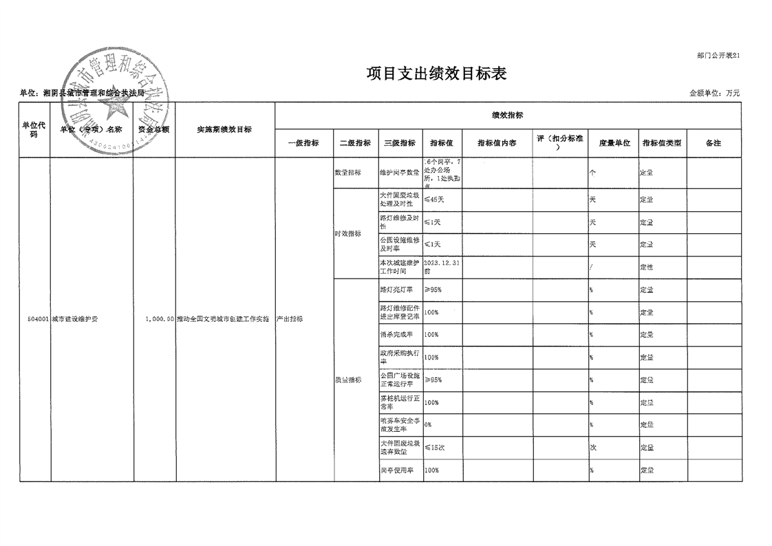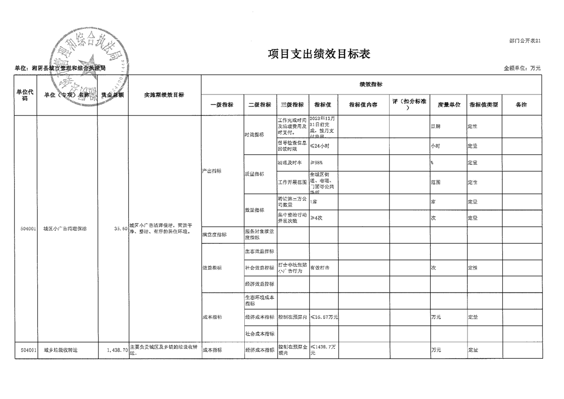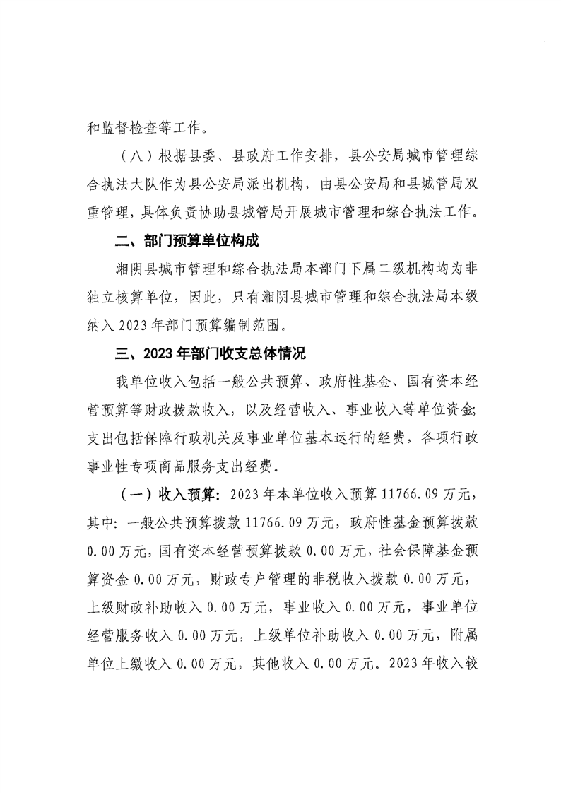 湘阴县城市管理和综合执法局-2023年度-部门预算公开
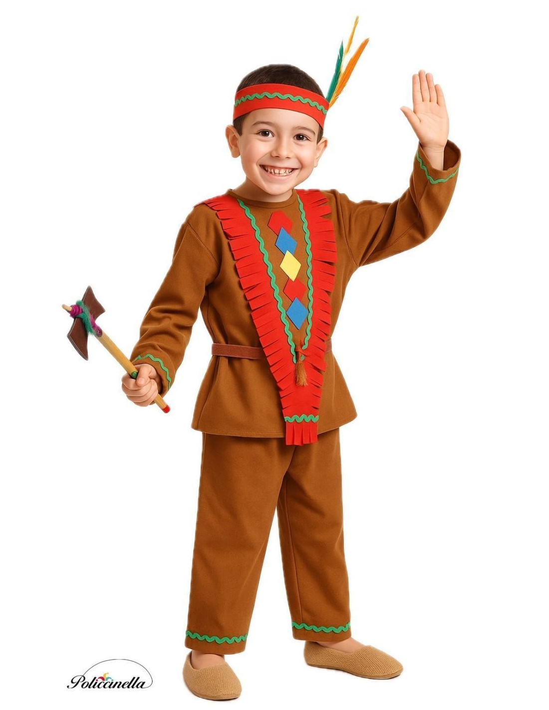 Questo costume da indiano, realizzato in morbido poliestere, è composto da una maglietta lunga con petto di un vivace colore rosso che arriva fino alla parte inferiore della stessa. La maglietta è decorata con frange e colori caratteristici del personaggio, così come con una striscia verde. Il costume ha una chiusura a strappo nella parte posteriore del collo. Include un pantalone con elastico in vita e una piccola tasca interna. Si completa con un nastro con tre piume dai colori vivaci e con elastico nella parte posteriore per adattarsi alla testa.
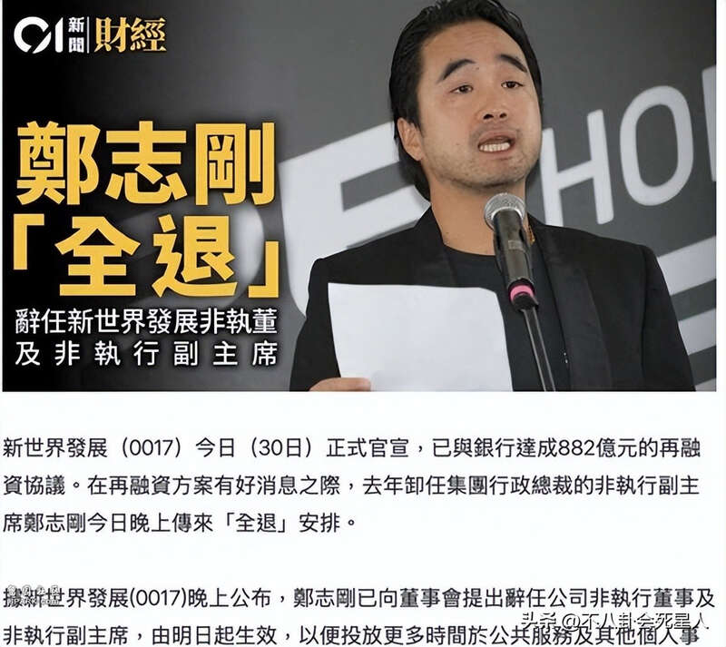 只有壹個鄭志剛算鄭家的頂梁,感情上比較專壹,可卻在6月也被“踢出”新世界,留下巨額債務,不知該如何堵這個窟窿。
• • •
The problem - The answer must be an exact copy of the lines from the one that holds "Questo costume da" through the end of the data, both included, with no pictures.

Answer below -
 Questo costume da indiano, realizzato in morbido poliestere, è composto da una maglietta lunga con petto di un vivace colore rosso che arriva fino alla parte inferiore della stessa. La maglietta è decorata con frange e colori caratteristici del personaggio, così come con una striscia verde. Il costume ha una chiusura a strappo nella parte posteriore del collo. Include un pantalone con elastico in vita e una piccola tasca interna. Si completa con un nastro con tre piume dai colori vivaci e con elastico nella parte posteriore per adattarsi alla testa.
 只有壹個鄭志剛算鄭家的頂梁,感情上比較專壹,可卻在6月也被“踢出”新世界,留下巨額債務,不知該如何堵這個窟窿。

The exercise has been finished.